Best known as a pioneer of the electric telegraph, Sir Charles Wheatstone (1802-75) came to his main sciences of acoustics, optics and electricity via the making and inventing of musical instruments. The enduring theme of his creative life may be described as the invention of mechanisms of direct practical utility and didactic cunning that were profoundly in tune with natural law.

Wave motion, such a crucial theoretical model in physics from the time of Thomas Young and Augustin Fresnel in the early nineteenth century to the present day, was the subject of the most compelling of Wheatstone's didactic toys. His wave machine was invented in the early 1840s and produced for sale in handsomely engineered versions. It ingeniously represents the motion of ‘ether particles’ in plane, elliptical and circular polarization through the compounding of two sinusoidal motions at right angles.

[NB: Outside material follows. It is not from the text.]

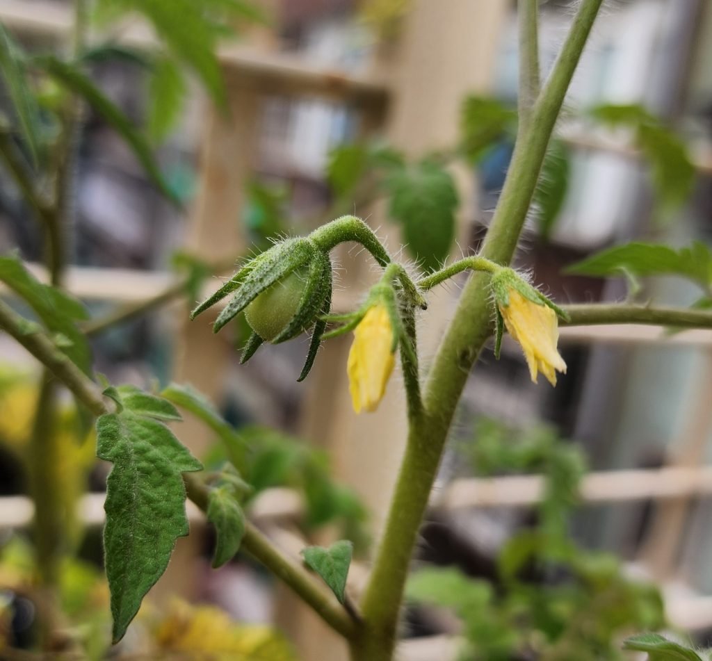 一早發現其中一盆長出番茄果實了,這將是我們花園的第一顆水果,不知道它什麼時候被授粉的,這孩子在昨晚被剪除黃葉子之後,可能就沒有burden地勇往直前了。

White beads of mother-of-pearl are located at the tips of wiry rods that move sinuously in response to a set of more than two dozen wave-shaped, wooden templates inserted in pairs into the machine at right angles to one another. The instructions issued in 1884 by John Newman, “Philosophical Instrument Maker”, give a nice idea of the kinds of shapes supplied: “The slides are marked R & L (right and left) H & V (Horizontal and Vertical); (1) The standard wave; (2) The lower octave, 2:1; (3) The major third below, 5:4.”

Wheatstone's “Sonic Patterns Produced by a Kaleidophone”.

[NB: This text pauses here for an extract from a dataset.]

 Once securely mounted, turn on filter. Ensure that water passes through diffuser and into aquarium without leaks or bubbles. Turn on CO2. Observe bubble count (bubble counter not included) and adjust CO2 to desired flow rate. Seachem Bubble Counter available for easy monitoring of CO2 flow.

A complementary realization of the ‘musical’ principles governing the ‘molecular vibrations’ in both light and sound was provided by Wheatstone's “Kaleidophone or Phonic Kaleidoscope⃛ for the Illustration of Several Interesting and Amusing Acoustical and Optical Phenomena”. Named after Sir David Brewster's optical kaleidoscope, it used small illuminated mirrors attached to the top of vibrating rods that emerged from a base plate in which varied vibrations were induced. The paths of the oscillating mirrors, traced by the persistent impressions of reflected light, created beautiful and surprising patterns, comparable to the Chladni's figures produced by sand on vibrating plates.

For Wheatstone, as for Brewster, the philosophical toy was designed to induce simple delight in nature's concealed wonders, particularly in the young, and to model in mechanical form profound truths about physical law at the highest levels of understanding.